## Task goal
Excluding pictures, give the entries again exactly as they appear.
[[ Data provided open ]]
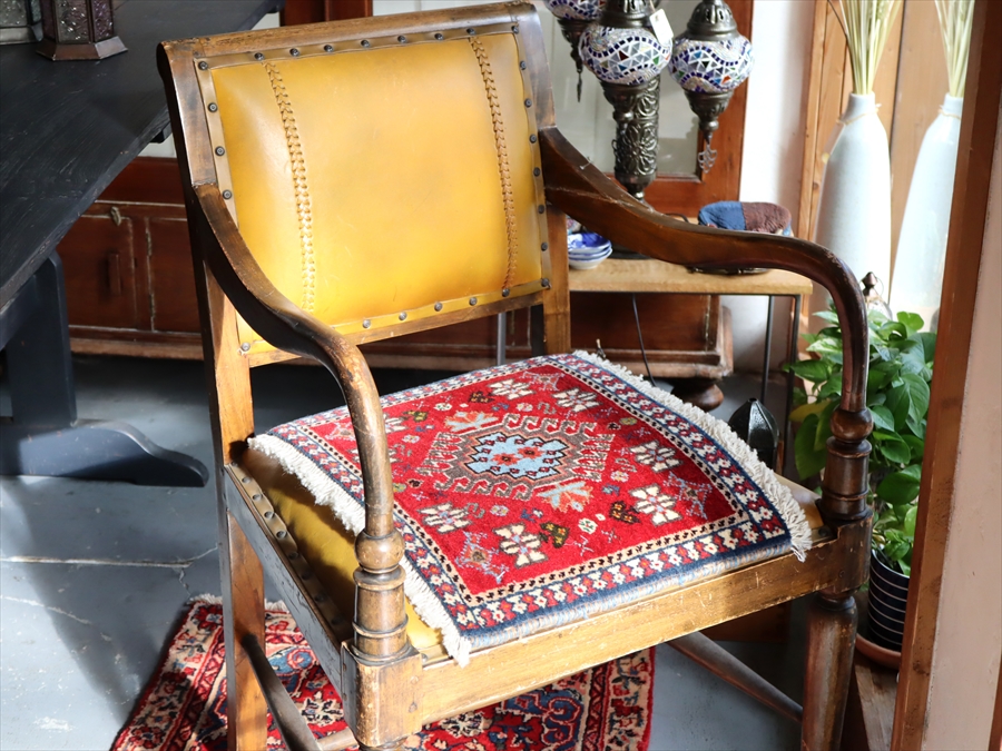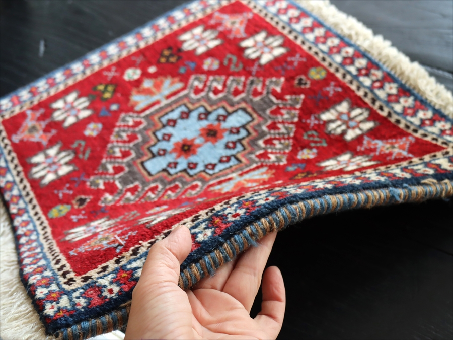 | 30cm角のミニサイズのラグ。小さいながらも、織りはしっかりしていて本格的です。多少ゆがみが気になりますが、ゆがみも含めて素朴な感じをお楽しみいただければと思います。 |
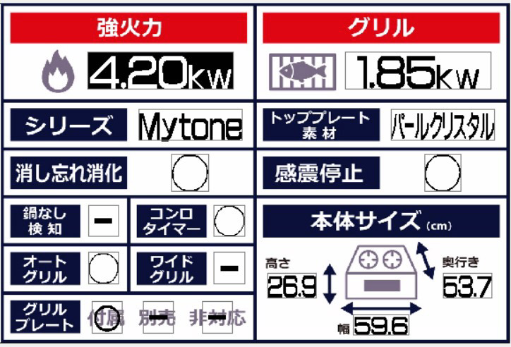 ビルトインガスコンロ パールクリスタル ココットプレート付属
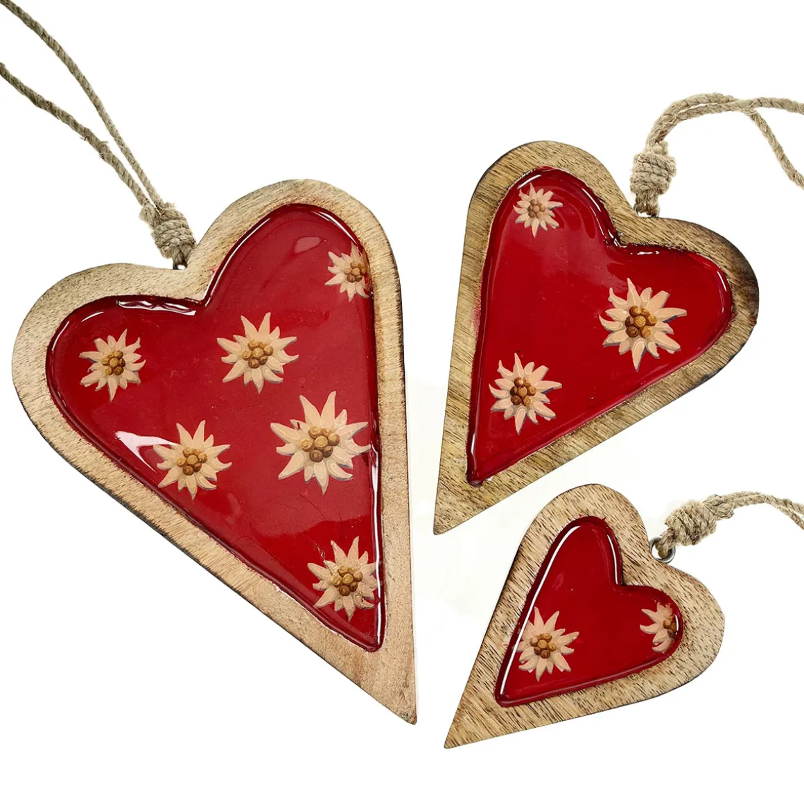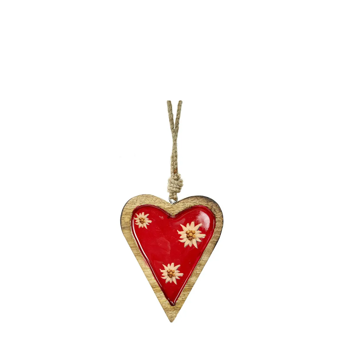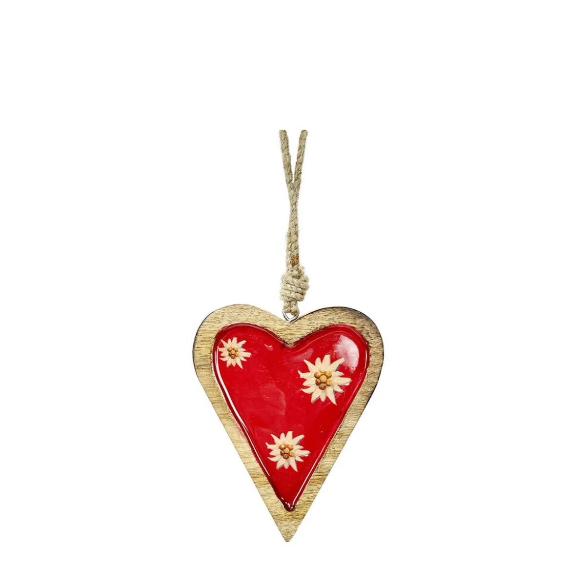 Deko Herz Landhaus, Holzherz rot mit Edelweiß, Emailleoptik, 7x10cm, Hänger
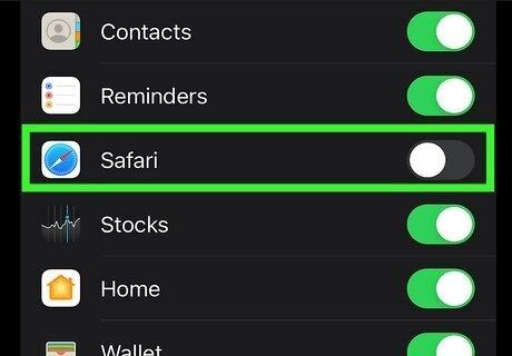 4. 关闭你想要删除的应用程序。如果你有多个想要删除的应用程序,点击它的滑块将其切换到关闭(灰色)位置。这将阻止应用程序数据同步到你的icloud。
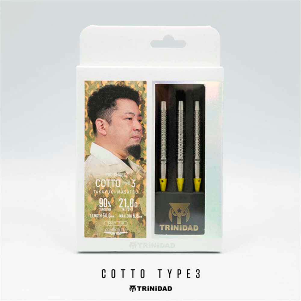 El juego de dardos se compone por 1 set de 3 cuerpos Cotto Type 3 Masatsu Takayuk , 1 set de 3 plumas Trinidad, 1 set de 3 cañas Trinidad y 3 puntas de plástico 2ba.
[[ Data provided closed ]]
## Answer space
 | 30cm角のミニサイズのラグ。小さいながらも、織りはしっかりしていて本格的です。多少ゆがみが気になりますが、ゆがみも含めて素朴な感じをお楽しみいただければと思います。 |
 ビルトインガスコンロ パールクリスタル ココットプレート付属
 Deko Herz Landhaus, Holzherz rot mit Edelweiß, Emailleoptik, 7x10cm, Hänger
 4. 关闭你想要删除的应用程序。如果你有多个想要删除的应用程序,点击它的滑块将其切换到关闭(灰色)位置。这将阻止应用程序数据同步到你的icloud。
 El juego de dardos se compone por 1 set de 3 cuerpos Cotto Type 3 Masatsu Takayuk , 1 set de 3 plumas Trinidad, 1 set de 3 cañas Trinidad y 3 puntas de plástico 2ba.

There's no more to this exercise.